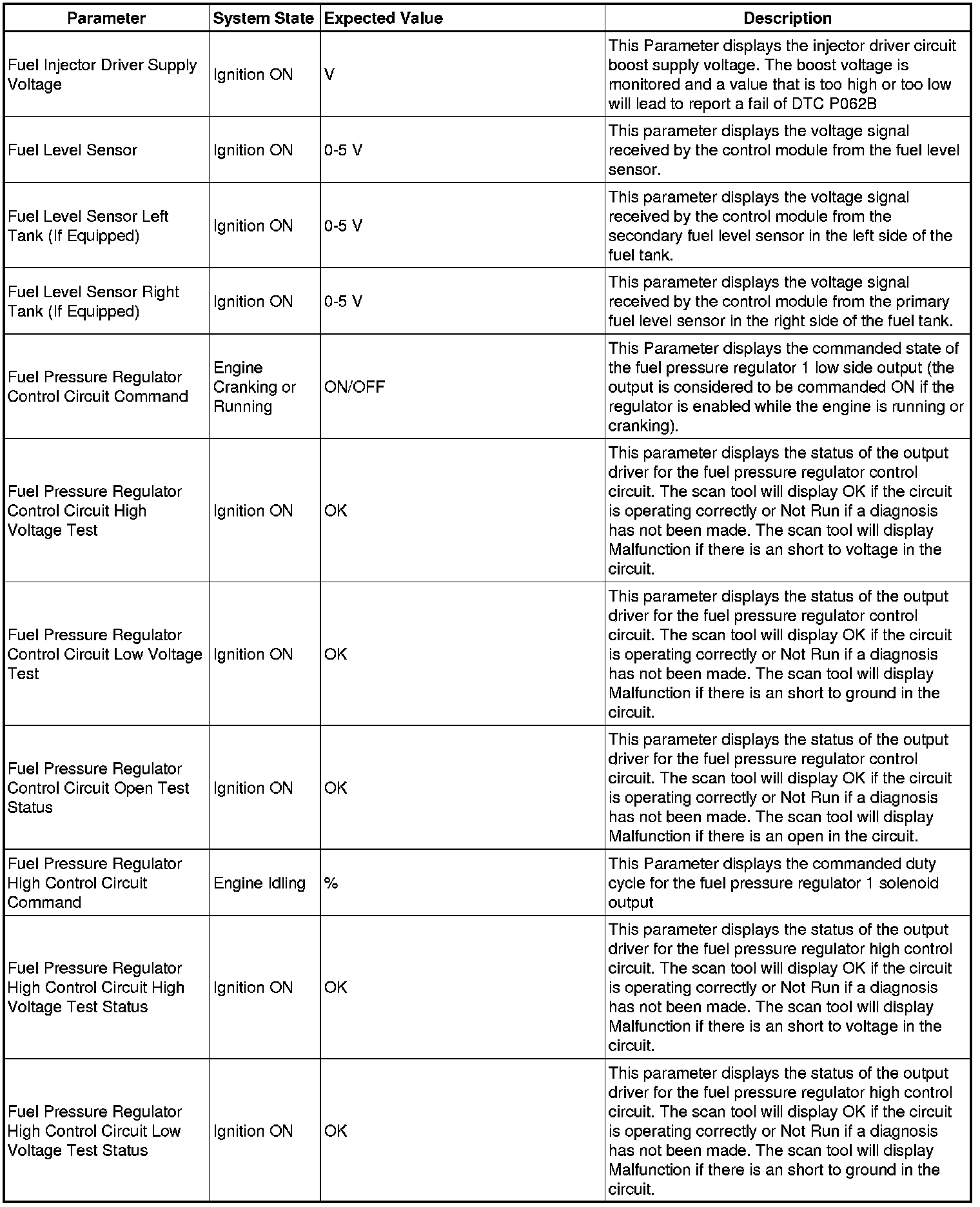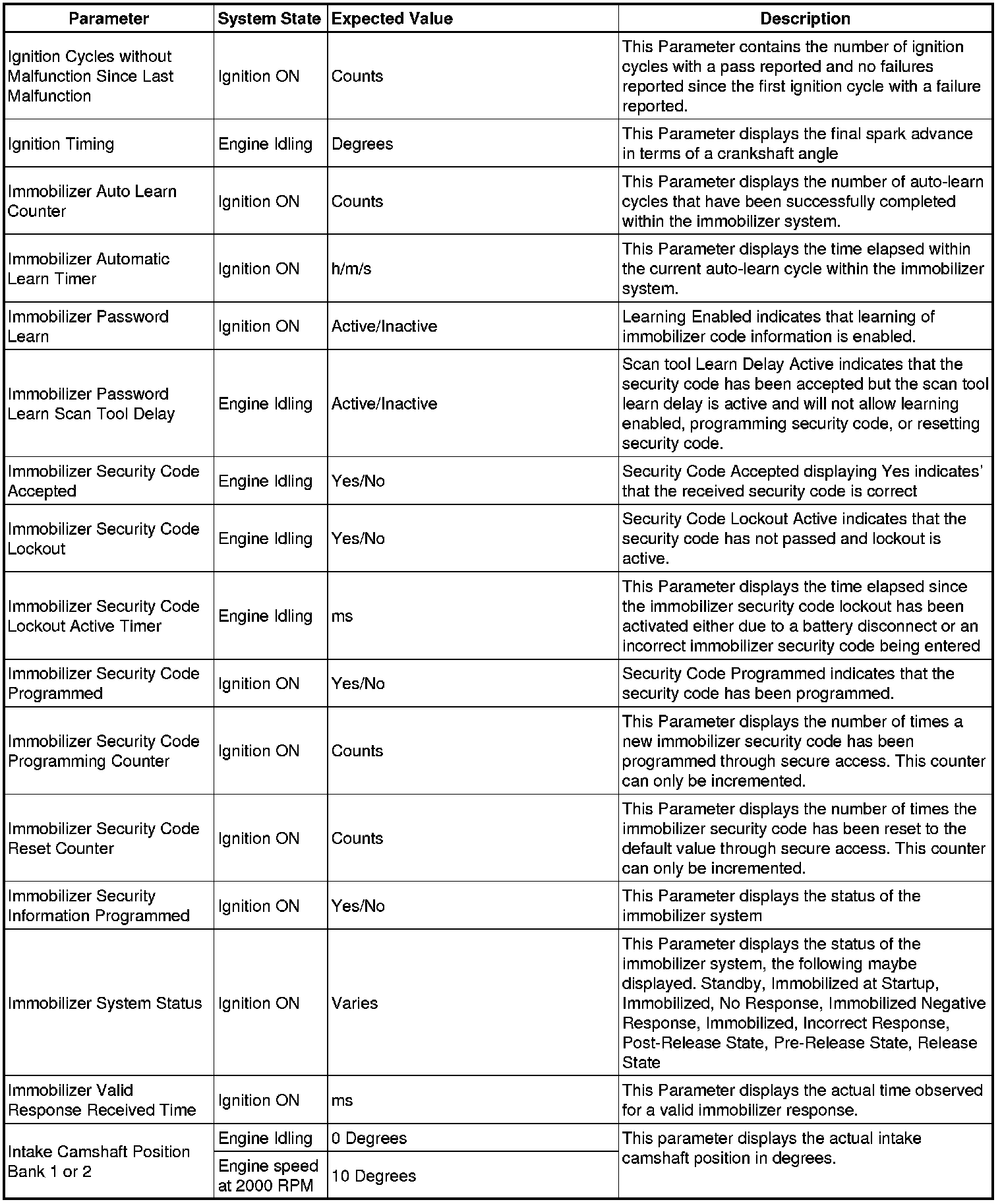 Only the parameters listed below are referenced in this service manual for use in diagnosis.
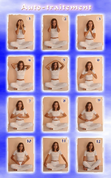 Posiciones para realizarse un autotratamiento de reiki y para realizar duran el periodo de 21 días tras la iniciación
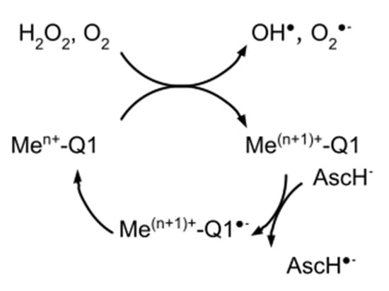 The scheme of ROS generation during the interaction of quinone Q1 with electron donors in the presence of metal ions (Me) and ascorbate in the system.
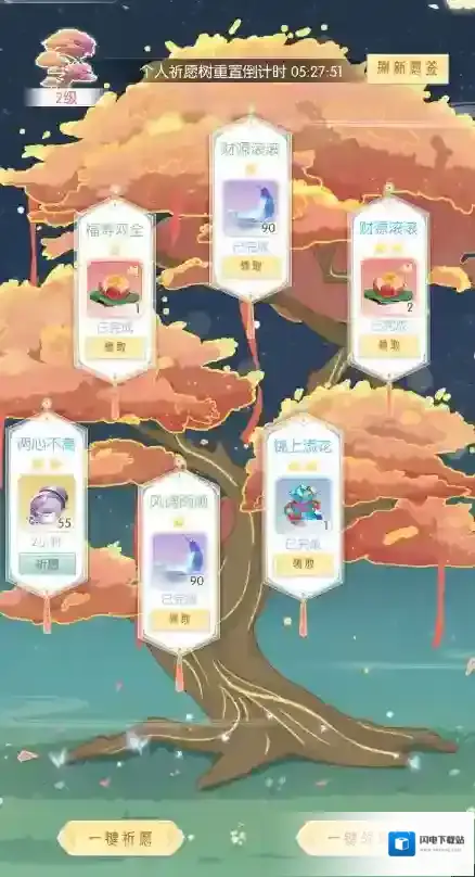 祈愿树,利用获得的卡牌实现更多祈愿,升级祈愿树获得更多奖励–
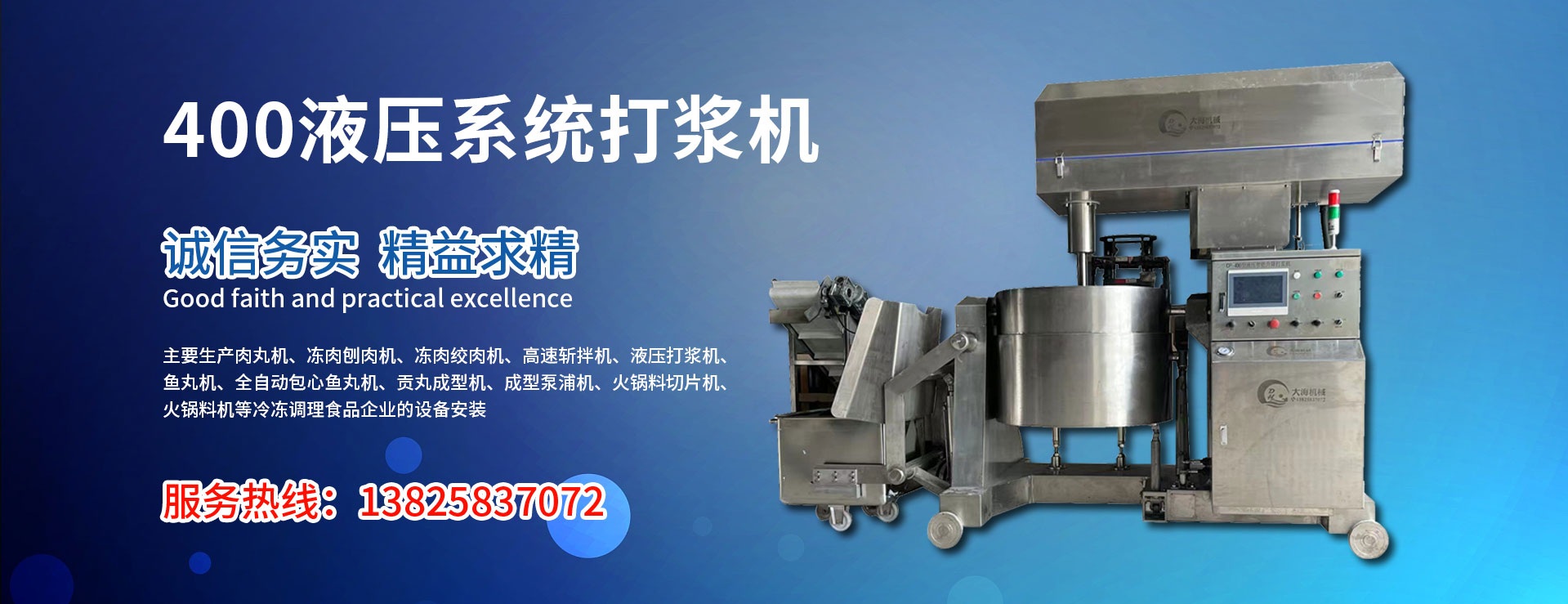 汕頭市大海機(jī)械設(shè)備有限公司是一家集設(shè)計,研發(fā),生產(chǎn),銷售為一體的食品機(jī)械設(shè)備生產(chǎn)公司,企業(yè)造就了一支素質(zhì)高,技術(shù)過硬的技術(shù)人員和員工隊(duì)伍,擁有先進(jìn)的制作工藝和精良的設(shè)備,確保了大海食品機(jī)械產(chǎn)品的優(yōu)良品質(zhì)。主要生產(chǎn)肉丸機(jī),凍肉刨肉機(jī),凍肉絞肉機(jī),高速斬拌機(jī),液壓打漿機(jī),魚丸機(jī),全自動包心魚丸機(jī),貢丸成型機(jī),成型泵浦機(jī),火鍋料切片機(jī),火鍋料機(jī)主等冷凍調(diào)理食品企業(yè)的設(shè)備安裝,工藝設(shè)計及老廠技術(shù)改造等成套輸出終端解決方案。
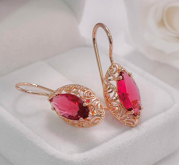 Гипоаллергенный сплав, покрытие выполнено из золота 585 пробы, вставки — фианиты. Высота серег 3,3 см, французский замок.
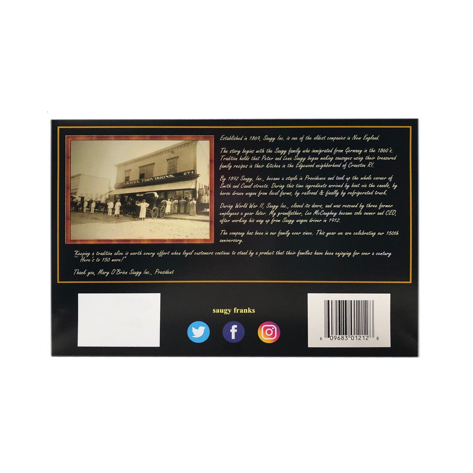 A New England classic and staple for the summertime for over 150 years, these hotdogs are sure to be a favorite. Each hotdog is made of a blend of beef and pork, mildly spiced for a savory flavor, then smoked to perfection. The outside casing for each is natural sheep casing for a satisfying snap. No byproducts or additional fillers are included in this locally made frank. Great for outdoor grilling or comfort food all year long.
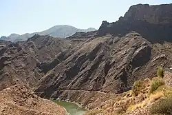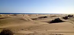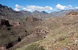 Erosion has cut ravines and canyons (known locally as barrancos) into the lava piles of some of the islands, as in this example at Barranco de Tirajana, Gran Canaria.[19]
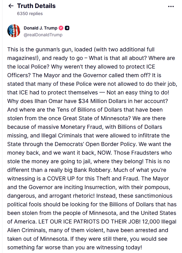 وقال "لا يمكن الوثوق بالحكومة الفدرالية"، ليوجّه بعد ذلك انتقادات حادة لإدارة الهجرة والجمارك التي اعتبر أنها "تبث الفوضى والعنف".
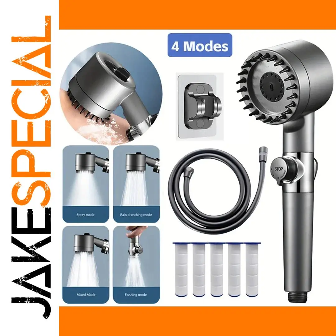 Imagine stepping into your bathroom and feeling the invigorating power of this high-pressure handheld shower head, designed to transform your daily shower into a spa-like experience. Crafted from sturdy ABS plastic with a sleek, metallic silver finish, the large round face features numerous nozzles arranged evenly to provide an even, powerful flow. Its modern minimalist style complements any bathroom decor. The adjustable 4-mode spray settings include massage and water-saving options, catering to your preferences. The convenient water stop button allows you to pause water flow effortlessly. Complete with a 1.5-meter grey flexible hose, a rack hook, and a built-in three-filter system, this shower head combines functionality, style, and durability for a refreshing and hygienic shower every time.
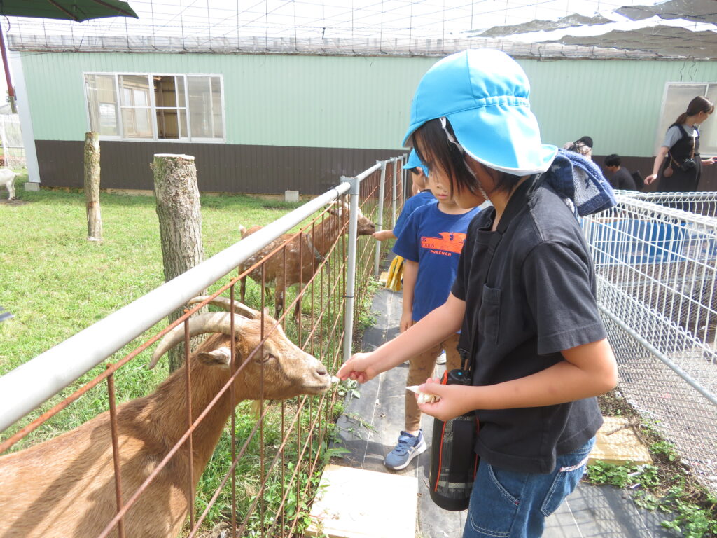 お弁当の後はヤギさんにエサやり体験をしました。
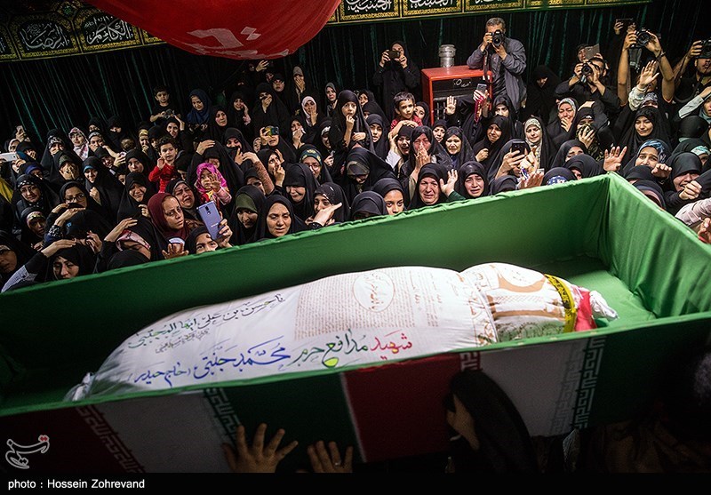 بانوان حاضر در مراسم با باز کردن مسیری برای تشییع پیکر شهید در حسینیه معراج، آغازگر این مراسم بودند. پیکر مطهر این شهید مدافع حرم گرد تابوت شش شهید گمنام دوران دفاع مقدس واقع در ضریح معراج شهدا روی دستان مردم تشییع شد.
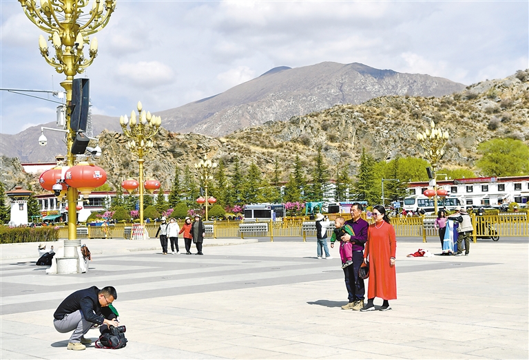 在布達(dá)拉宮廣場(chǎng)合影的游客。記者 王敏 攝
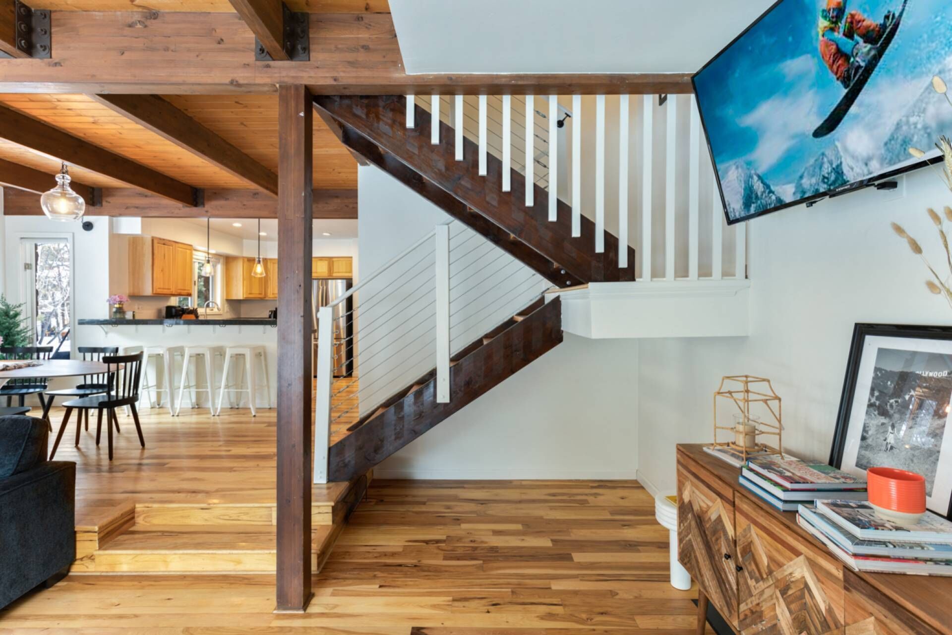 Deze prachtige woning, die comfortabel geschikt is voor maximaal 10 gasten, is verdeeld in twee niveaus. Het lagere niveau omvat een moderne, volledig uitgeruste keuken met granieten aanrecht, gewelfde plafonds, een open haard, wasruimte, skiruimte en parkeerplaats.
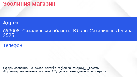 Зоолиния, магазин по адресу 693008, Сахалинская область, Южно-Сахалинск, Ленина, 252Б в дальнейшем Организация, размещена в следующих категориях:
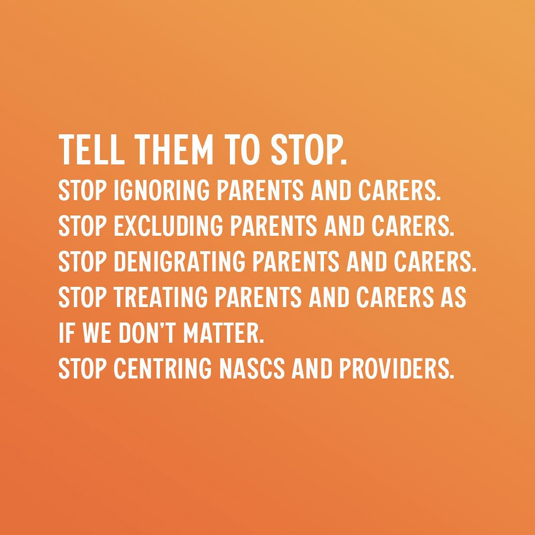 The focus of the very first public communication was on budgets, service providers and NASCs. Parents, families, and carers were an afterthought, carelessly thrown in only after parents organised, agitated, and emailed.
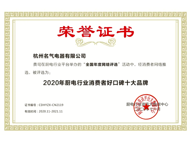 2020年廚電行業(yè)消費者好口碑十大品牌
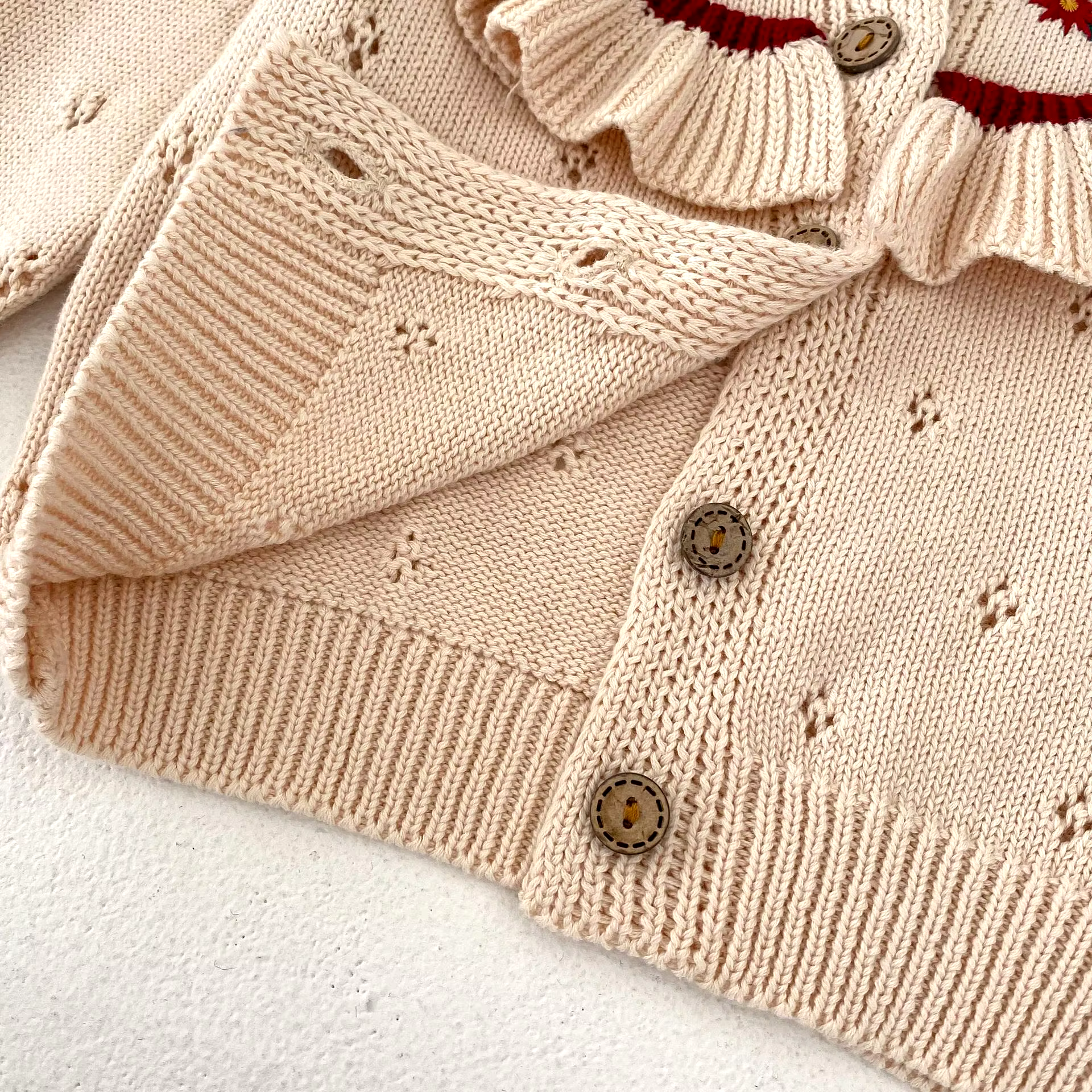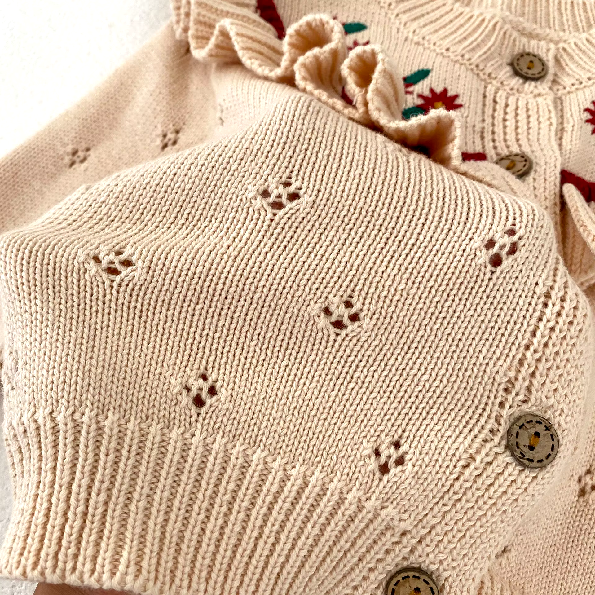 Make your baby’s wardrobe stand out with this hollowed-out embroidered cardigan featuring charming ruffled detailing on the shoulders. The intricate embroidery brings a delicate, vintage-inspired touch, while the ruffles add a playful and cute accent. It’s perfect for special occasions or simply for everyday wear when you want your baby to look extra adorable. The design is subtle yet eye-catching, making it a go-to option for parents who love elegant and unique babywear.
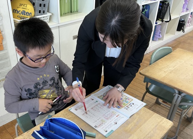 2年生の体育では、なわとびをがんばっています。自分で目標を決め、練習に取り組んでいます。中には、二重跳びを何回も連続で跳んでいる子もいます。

• _What is expected_
Would you please reproduce the entries above, starting at the line with "Erosion has cut" and stopping after the line with "يمكن الوثوق بالحكومة"? Omit any pictures.

• _Result_
 Erosion has cut ravines and canyons (known locally as barrancos) into the lava piles of some of the islands, as in this example at Barranco de Tirajana, Gran Canaria.[19]
 وقال "لا يمكن الوثوق بالحكومة الفدرالية"، ليوجّه بعد ذلك انتقادات حادة لإدارة الهجرة والجمارك التي اعتبر أنها "تبث الفوضى والعنف".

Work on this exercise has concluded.